WHAT NEEDS TO BE DONE - Pictures must not appear in the copy. Restate exactly the lines below from the one with "In his address" through the one with "حل: اگر ازساعت", inclusive.

━━━ EXTRACTED DATA ━━━

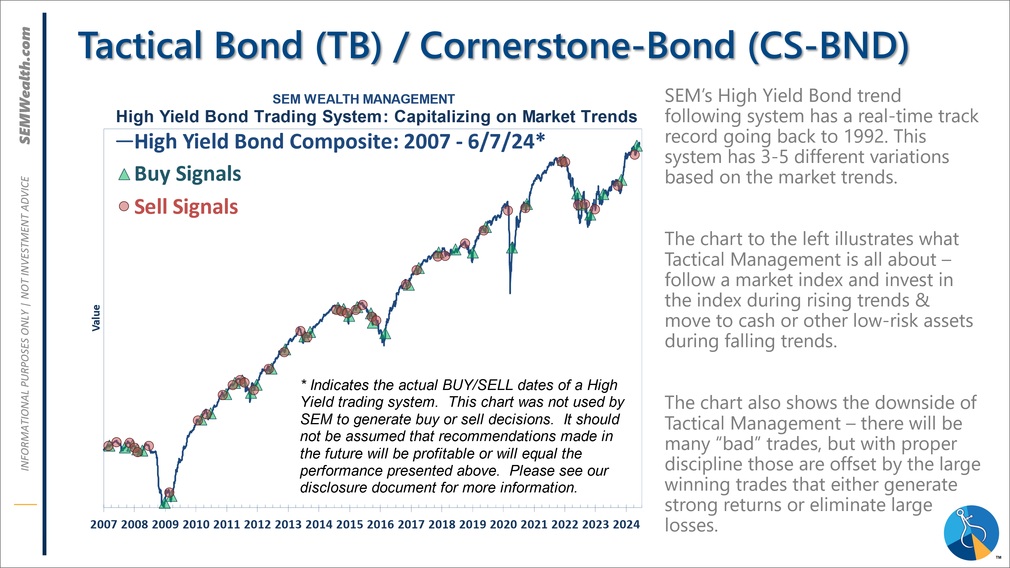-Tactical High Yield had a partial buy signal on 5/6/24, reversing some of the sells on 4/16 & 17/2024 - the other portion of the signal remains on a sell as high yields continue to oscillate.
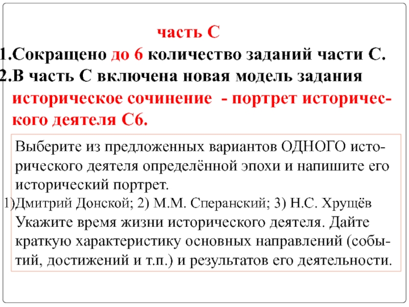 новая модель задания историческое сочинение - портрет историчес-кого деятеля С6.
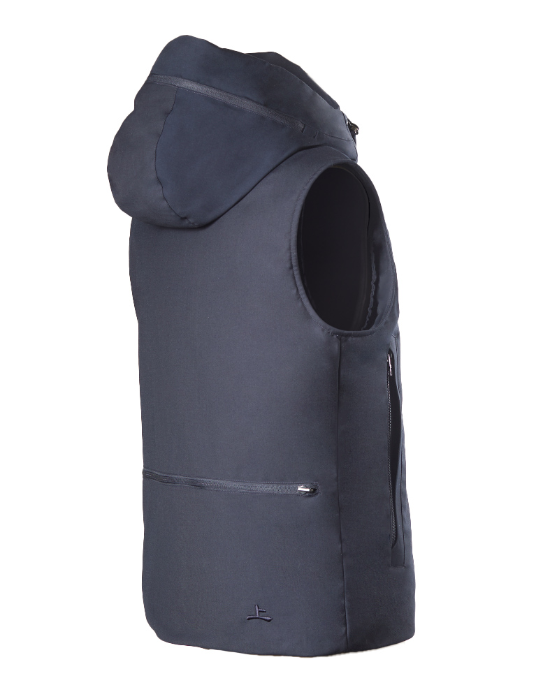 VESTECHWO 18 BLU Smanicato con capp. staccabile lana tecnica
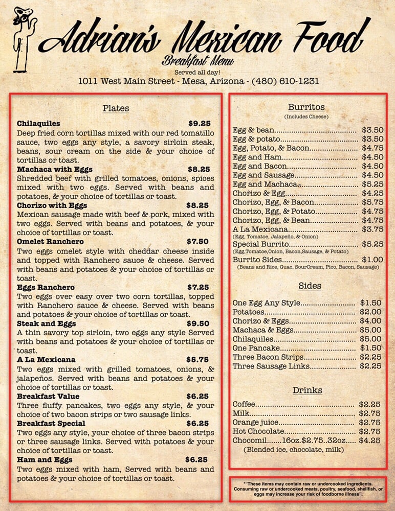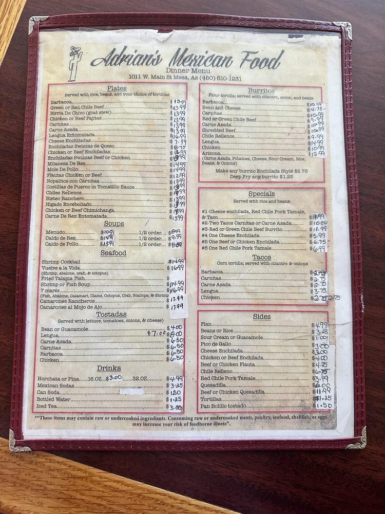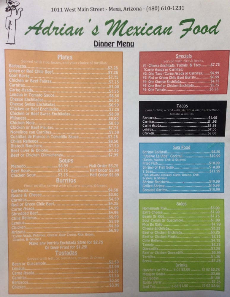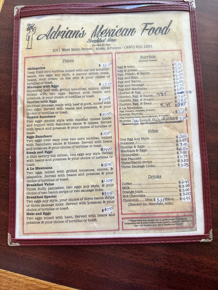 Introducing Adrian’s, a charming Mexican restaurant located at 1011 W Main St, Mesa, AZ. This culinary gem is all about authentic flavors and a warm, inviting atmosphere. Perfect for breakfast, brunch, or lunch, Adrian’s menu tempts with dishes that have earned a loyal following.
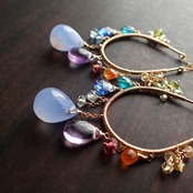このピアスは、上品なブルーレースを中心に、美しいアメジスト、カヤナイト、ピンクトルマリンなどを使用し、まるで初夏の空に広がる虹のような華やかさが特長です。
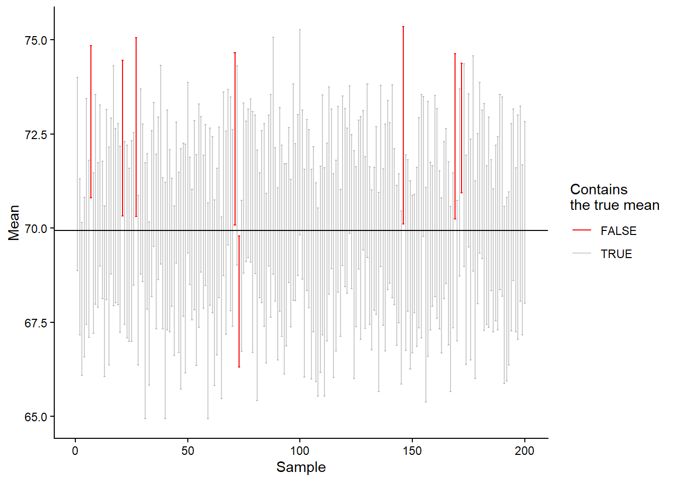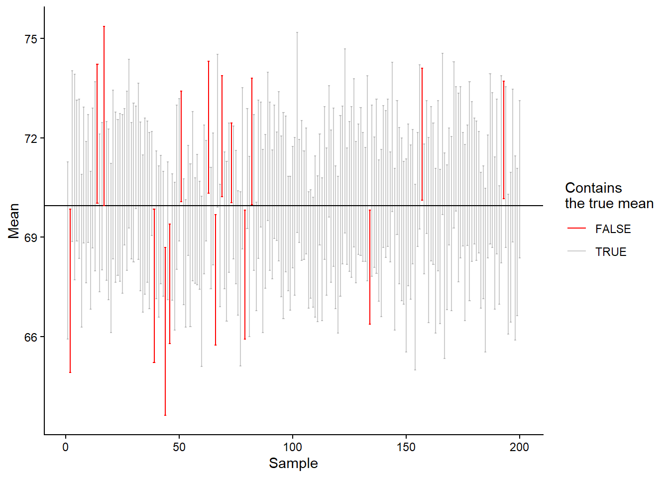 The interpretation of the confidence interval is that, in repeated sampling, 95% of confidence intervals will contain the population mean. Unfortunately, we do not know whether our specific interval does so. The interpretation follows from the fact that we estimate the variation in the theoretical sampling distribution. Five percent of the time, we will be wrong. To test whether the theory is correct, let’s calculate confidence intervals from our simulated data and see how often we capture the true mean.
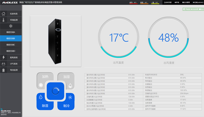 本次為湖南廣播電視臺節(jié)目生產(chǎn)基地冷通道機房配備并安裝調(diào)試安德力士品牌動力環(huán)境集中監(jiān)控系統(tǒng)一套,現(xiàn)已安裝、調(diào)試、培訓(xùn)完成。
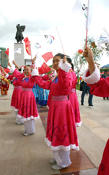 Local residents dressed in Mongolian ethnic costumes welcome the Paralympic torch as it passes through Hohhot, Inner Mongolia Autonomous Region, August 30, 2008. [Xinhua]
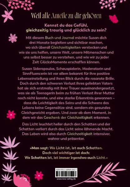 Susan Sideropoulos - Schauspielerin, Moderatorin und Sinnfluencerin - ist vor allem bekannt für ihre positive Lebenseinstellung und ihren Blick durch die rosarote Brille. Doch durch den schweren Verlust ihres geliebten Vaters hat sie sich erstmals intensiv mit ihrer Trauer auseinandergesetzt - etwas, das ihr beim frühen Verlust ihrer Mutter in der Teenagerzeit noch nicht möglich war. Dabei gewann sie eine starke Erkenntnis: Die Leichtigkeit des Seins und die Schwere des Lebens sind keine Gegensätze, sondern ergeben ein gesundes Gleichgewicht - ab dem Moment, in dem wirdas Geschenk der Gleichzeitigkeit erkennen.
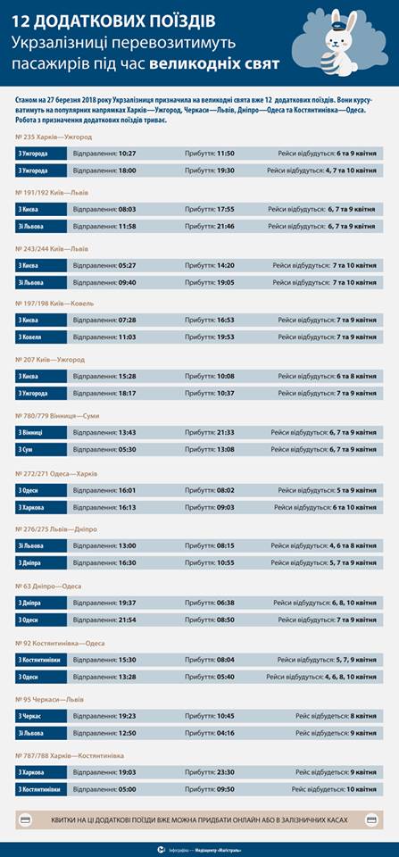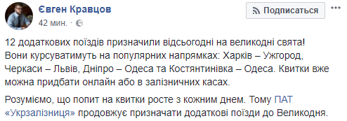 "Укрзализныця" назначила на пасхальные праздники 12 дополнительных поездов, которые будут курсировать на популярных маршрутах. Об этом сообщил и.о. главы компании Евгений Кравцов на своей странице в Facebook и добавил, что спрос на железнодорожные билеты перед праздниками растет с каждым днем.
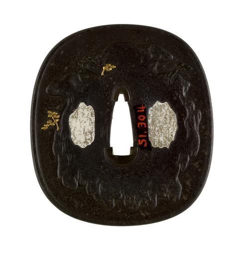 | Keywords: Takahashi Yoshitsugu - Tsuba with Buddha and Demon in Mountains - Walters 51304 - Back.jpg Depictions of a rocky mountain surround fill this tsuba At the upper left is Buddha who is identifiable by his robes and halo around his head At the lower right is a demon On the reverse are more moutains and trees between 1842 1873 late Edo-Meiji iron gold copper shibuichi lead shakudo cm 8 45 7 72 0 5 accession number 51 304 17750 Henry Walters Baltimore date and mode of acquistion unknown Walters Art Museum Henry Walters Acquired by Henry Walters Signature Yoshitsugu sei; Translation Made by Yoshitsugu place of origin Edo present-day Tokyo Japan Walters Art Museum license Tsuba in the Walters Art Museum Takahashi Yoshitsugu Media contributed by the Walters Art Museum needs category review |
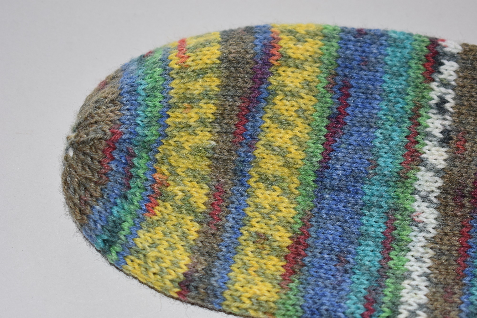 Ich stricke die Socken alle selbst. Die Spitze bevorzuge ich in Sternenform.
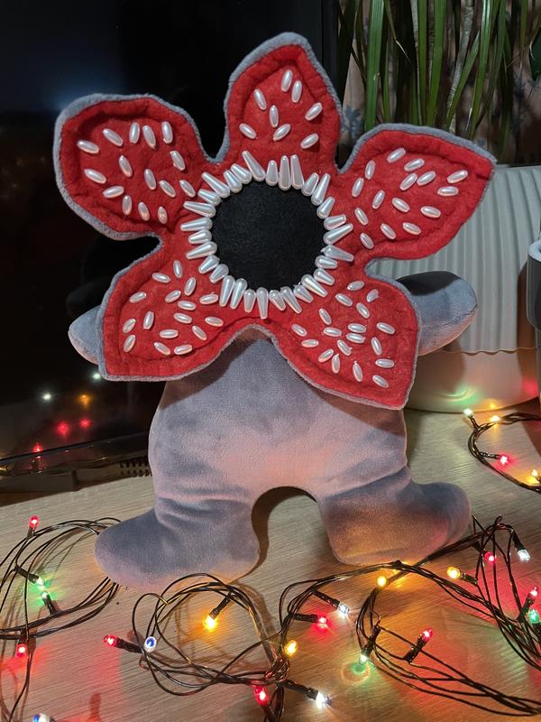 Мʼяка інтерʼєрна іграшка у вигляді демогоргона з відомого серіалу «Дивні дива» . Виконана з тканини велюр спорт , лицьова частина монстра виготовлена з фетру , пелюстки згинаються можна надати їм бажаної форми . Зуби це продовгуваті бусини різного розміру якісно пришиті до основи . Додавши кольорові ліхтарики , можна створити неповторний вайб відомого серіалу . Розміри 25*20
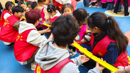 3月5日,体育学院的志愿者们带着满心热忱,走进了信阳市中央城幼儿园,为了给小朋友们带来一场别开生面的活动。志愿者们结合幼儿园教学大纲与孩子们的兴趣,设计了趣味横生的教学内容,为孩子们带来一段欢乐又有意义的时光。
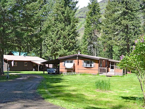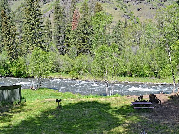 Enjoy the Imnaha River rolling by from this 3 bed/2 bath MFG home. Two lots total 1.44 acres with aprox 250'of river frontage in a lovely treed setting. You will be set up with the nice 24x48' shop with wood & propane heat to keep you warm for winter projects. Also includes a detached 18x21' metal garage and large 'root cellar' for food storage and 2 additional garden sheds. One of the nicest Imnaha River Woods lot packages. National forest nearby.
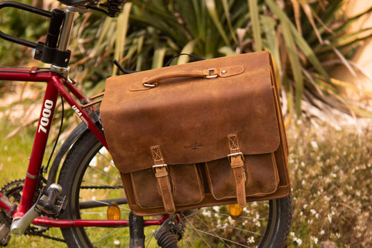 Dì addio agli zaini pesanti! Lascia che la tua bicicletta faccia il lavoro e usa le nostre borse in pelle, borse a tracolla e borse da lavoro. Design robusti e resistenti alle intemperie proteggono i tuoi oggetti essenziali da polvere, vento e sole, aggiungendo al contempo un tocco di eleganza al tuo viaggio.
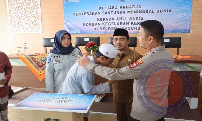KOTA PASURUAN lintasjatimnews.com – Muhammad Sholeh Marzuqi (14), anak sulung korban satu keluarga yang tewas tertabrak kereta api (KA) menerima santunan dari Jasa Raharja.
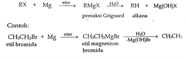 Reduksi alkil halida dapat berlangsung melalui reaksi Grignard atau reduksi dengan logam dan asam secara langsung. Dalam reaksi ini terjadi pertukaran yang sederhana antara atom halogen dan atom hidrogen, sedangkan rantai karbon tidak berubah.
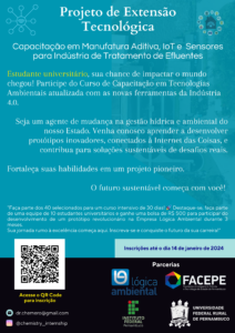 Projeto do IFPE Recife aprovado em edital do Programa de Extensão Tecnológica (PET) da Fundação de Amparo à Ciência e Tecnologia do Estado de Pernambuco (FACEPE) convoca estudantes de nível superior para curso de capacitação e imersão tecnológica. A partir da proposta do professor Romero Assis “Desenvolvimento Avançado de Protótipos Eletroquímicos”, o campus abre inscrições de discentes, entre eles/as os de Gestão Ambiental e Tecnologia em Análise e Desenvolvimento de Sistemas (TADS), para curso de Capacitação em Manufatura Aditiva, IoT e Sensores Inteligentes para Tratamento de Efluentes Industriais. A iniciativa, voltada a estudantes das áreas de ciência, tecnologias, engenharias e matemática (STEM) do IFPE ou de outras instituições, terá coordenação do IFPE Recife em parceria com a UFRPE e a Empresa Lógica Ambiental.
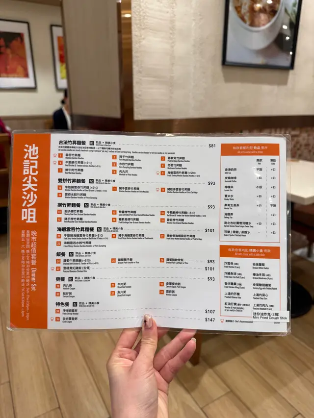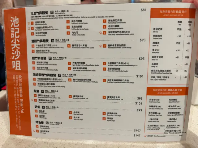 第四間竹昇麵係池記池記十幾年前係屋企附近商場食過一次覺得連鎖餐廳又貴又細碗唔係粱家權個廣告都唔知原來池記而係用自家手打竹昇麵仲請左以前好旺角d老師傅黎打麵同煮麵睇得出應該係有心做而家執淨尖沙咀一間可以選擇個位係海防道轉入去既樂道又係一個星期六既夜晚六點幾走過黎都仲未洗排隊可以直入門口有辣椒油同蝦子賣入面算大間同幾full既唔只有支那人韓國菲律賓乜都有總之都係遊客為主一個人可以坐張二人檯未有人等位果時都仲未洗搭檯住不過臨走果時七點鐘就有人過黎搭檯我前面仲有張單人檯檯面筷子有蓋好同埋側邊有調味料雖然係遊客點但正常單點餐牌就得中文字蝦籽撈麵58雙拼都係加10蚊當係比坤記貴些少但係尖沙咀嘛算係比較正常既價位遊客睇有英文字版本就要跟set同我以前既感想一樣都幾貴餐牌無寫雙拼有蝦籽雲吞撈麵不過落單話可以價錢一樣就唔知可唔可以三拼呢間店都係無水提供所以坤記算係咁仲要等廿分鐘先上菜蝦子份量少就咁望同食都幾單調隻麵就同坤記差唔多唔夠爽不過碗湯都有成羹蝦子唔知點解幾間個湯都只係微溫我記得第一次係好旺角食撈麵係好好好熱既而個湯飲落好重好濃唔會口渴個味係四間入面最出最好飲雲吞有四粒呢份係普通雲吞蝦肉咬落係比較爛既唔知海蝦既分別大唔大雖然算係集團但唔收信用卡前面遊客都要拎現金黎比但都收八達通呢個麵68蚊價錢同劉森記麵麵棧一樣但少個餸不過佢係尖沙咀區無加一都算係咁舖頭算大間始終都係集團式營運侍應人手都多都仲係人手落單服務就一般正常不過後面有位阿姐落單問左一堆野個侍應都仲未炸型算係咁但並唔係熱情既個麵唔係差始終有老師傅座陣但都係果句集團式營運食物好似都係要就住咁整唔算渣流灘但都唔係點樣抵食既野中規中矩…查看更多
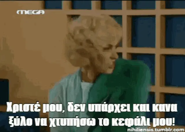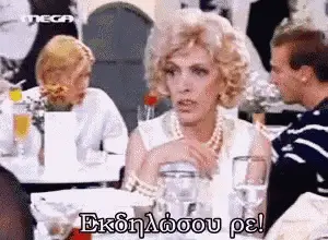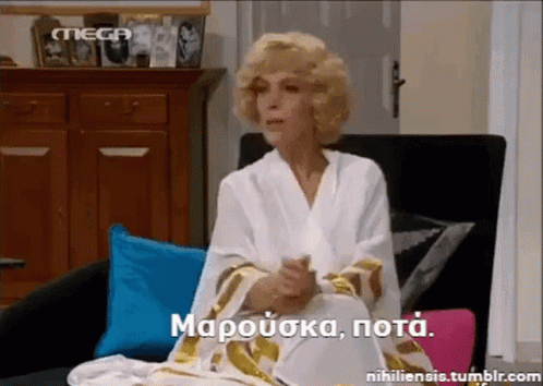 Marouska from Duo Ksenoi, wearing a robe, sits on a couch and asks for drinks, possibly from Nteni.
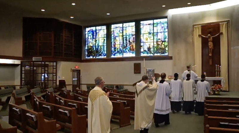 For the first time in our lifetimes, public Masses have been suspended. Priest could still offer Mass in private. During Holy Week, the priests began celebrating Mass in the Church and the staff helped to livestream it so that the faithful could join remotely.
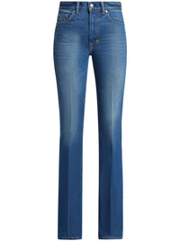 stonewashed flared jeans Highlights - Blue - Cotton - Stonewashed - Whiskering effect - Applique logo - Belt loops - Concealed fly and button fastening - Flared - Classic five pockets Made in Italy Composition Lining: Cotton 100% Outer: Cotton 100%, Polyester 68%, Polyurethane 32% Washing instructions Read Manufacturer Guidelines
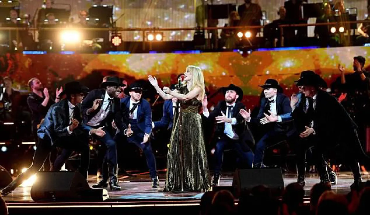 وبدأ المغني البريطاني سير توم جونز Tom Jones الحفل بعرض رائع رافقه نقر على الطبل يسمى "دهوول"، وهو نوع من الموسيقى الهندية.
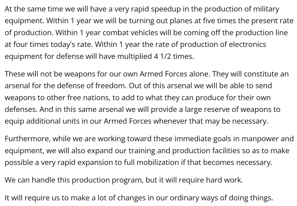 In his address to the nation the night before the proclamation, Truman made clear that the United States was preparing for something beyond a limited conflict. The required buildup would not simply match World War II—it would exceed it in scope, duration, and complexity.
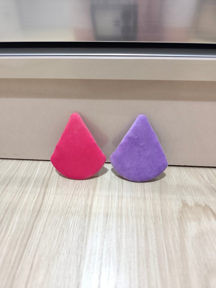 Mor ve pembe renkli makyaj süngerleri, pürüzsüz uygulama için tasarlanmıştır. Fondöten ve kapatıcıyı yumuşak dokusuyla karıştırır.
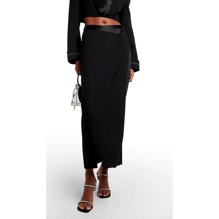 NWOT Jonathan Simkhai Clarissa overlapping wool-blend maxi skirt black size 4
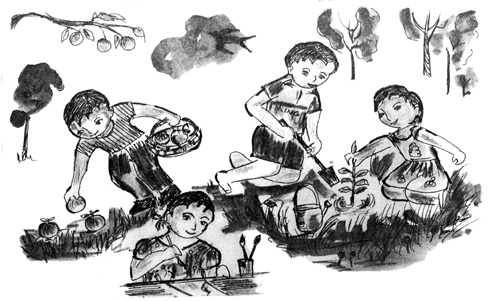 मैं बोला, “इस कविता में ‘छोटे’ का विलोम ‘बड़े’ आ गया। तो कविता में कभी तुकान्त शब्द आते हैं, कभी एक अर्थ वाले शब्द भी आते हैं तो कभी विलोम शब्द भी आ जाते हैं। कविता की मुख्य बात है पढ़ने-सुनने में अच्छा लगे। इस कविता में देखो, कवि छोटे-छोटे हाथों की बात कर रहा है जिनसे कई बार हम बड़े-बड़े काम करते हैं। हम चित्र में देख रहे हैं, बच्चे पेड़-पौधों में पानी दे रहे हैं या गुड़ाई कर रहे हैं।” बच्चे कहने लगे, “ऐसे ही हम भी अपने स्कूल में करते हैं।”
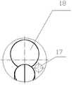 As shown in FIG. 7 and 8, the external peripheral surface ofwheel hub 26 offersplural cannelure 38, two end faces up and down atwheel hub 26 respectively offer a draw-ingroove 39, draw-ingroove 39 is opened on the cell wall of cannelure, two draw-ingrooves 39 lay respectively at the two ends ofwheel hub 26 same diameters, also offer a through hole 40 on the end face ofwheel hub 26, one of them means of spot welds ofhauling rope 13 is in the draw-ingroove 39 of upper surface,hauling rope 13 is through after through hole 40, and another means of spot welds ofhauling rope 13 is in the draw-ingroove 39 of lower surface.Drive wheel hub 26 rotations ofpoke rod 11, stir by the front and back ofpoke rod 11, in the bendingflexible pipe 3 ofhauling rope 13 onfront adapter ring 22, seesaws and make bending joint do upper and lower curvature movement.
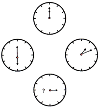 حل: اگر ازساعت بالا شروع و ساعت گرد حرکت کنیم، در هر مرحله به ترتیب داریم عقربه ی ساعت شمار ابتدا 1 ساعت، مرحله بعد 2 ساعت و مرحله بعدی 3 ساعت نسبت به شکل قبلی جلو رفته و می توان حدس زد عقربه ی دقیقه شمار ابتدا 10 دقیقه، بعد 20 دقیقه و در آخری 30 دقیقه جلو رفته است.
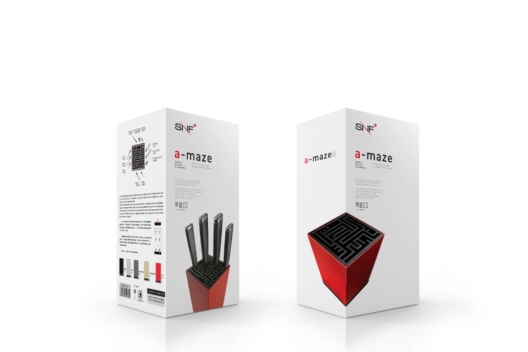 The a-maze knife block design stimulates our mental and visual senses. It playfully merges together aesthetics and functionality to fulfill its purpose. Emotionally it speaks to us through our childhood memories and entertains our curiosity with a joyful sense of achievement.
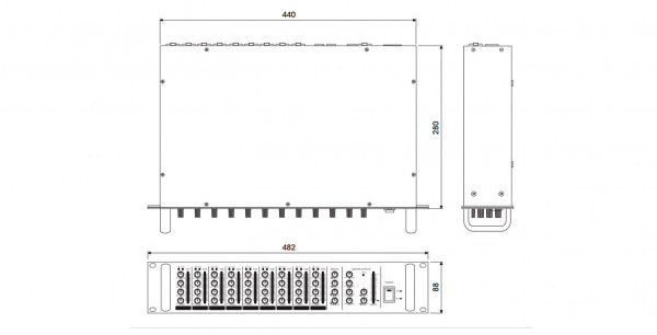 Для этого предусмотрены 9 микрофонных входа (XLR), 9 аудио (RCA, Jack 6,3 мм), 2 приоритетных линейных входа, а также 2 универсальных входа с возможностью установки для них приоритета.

━━━

TASK RESPONSE -
 In his address to the nation the night before the proclamation, Truman made clear that the United States was preparing for something beyond a limited conflict. The required buildup would not simply match World War II—it would exceed it in scope, duration, and complexity.
 Mor ve pembe renkli makyaj süngerleri, pürüzsüz uygulama için tasarlanmıştır. Fondöten ve kapatıcıyı yumuşak dokusuyla karıştırır.
 NWOT Jonathan Simkhai Clarissa overlapping wool-blend maxi skirt black size 4
 मैं बोला, “इस कविता में ‘छोटे’ का विलोम ‘बड़े’ आ गया। तो कविता में कभी तुकान्त शब्द आते हैं, कभी एक अर्थ वाले शब्द भी आते हैं तो कभी विलोम शब्द भी आ जाते हैं। कविता की मुख्य बात है पढ़ने-सुनने में अच्छा लगे। इस कविता में देखो, कवि छोटे-छोटे हाथों की बात कर रहा है जिनसे कई बार हम बड़े-बड़े काम करते हैं। हम चित्र में देख रहे हैं, बच्चे पेड़-पौधों में पानी दे रहे हैं या गुड़ाई कर रहे हैं।” बच्चे कहने लगे, “ऐसे ही हम भी अपने स्कूल में करते हैं।”
 As shown in FIG. 7 and 8, the external peripheral surface ofwheel hub 26 offersplural cannelure 38, two end faces up and down atwheel hub 26 respectively offer a draw-ingroove 39, draw-ingroove 39 is opened on the cell wall of cannelure, two draw-ingrooves 39 lay respectively at the two ends ofwheel hub 26 same diameters, also offer a through hole 40 on the end face ofwheel hub 26, one of them means of spot welds ofhauling rope 13 is in the draw-ingroove 39 of upper surface,hauling rope 13 is through after through hole 40, and another means of spot welds ofhauling rope 13 is in the draw-ingroove 39 of lower surface.Drive wheel hub 26 rotations ofpoke rod 11, stir by the front and back ofpoke rod 11, in the bendingflexible pipe 3 ofhauling rope 13 onfront adapter ring 22, seesaws and make bending joint do upper and lower curvature movement.
 حل: اگر ازساعت بالا شروع و ساعت گرد حرکت کنیم، در هر مرحله به ترتیب داریم عقربه ی ساعت شمار ابتدا 1 ساعت، مرحله بعد 2 ساعت و مرحله بعدی 3 ساعت نسبت به شکل قبلی جلو رفته و می توان حدس زد عقربه ی دقیقه شمار ابتدا 10 دقیقه، بعد 20 دقیقه و در آخری 30 دقیقه جلو رفته است.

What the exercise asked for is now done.